Scared of mixing wood and metal furniture into your interior? It may seem confusing to do this but these two elements are a wonderful way to elevate your decor to a new level of elegance. You won’t go wrong with this one whether your style is modern, traditional, diverse, or farmhouse.
The combination of metal and wood furniture in the same room is beautiful, especially when you pick the same finishes. Also, metal and wood are usually mixed in the construction of fine furniture that’s as durable it is attractive. These elements have been the basics in both construction and furnishing homes and display no sign of ever becoming outdated.
With that being said, here are some ways you can combine metal and wood in your interior.
1. Rustic and Classic Combinations
The timeless blend of manufactured iron and rustic, rough-hewn wood like pine and oak are built in many traditional Old World decorating styles like Tuscan, Spanish Hacienda, Lodge Southwestern, French Country, and Mexican. Huge, grand wood furniture features wrought iron hardware for latches, knobs, and handles, and iron grills on doors.
For your dining room, you can place oak mink dining chairs and a wrought iron baker’s rack behind a huge pine or oak dining table. Meanwhile, in the bedroom, you may place a wrought iron bed frame with a pine dresser with a mirror, a vintage pine armoire, and pine nightstands. Most often, country wood and wrought iron furnishings include unique detailed carvings, interesting cut-out designs, and textured finishes.
2. Modernized Mixes
Nowadays, furniture designs that are trendy feature sleek curves with functional form and shape. Modern wood furniture often has a sleek, smooth, shiny surface, and lacquered finish, making the most ideal match with the ultra-refined plastic, metal, and glass surfaces of accompanying modern pieces.
Just like rustic furniture, designers of modern furniture normally fuse metal and wood materials as one to achieve designers items including console tables, coffee tables, and end tables.
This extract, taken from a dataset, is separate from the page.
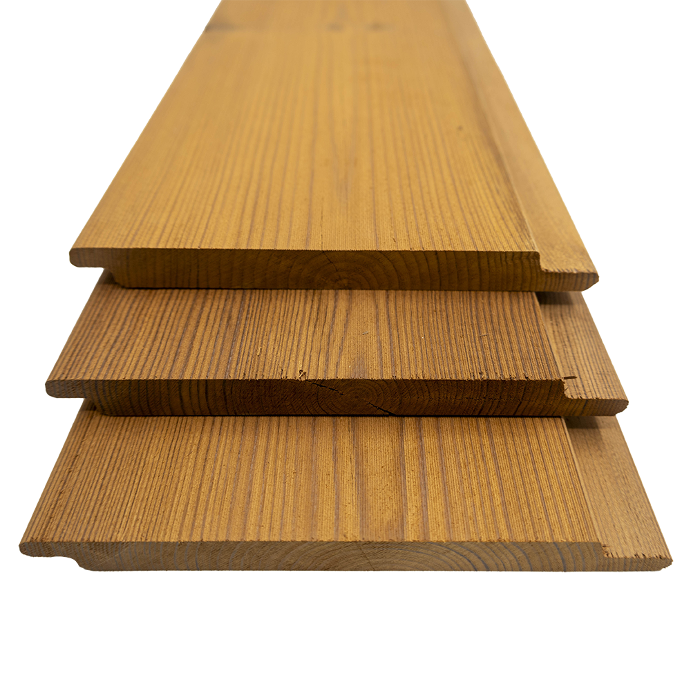 This premium cladding features a Channelsiding profile with a subtle bevel that creates depth while ensuring effective ventilation and water drainage. The brushed surface highlights the natural grain, giving the wood a refined and textured appearance.

The combination of wood and metal furniture works because of the harmony in finish and form.
3. Combine Chipped Wood and Aged Metal
When you combine both aged metal and chipped wood, this can give you character and texture. Aged metal and woods develop lovely patinas gradually, and this look has become in demand after in decorating. These features work in plenty of decor styles.
If you have a modern urban loft, for instance, you can create a cutting-edge design for it by combining aged metal and distressed wood for a grungy industrial look. The proper combination of these elements can also be utilized in an antique seaside cottage, where recovered grey wood panelling and flooring works out with sun-bleached driftwood and aged brass decor. Choose a kind of wood and metal that will look good together as well as your interior’s style.
4. Blend Various Furniture Styles and Finishes
For eclectic and quirky styles, you may want to be bold when mixing furniture finishes and styles. Although this look may be a bit tricky for others to pull off. However, when you do it in the right way, the results are really satisfying.
Consider inserting a fun twist on your wood furniture by giving it a new coat of shiny, metallic paint to produce an accent piece or focal point. You can partner around, bar-style wood table with metal barstools. You can try searching for vintage treasures including old end tables or chairs in thrift stores or antique shops to combine with modern furnishings.
Furthermore, you can combine both wood and metal chairs around the dining room table. For this to work, look for some kind of unifying component, like colour, shape, finish, that connects the furnishings together with a cohesive look.
5. Pick a Dominant Colour
A lot of metals are either warm-toned (copper, gold, brass) or cool-toned (aluminium, silver). Wrought iron and blackened gunmetal are neutral and can be combined with both. For example, if the decor of your room has more wood that has warm undertones like mahogany, cherry, and hickory, then learn more about warm-hued metals such as copper and gold. Wood furniture with cool undertones (pine, ash, maple, and poplar) should stick to silver metals.
The most versatile are neutrally-toned woods like walnut, so you can combine and pair warm and cool metals. You can start with a dominant metal colour like brass and embellish it with one or two cool tones.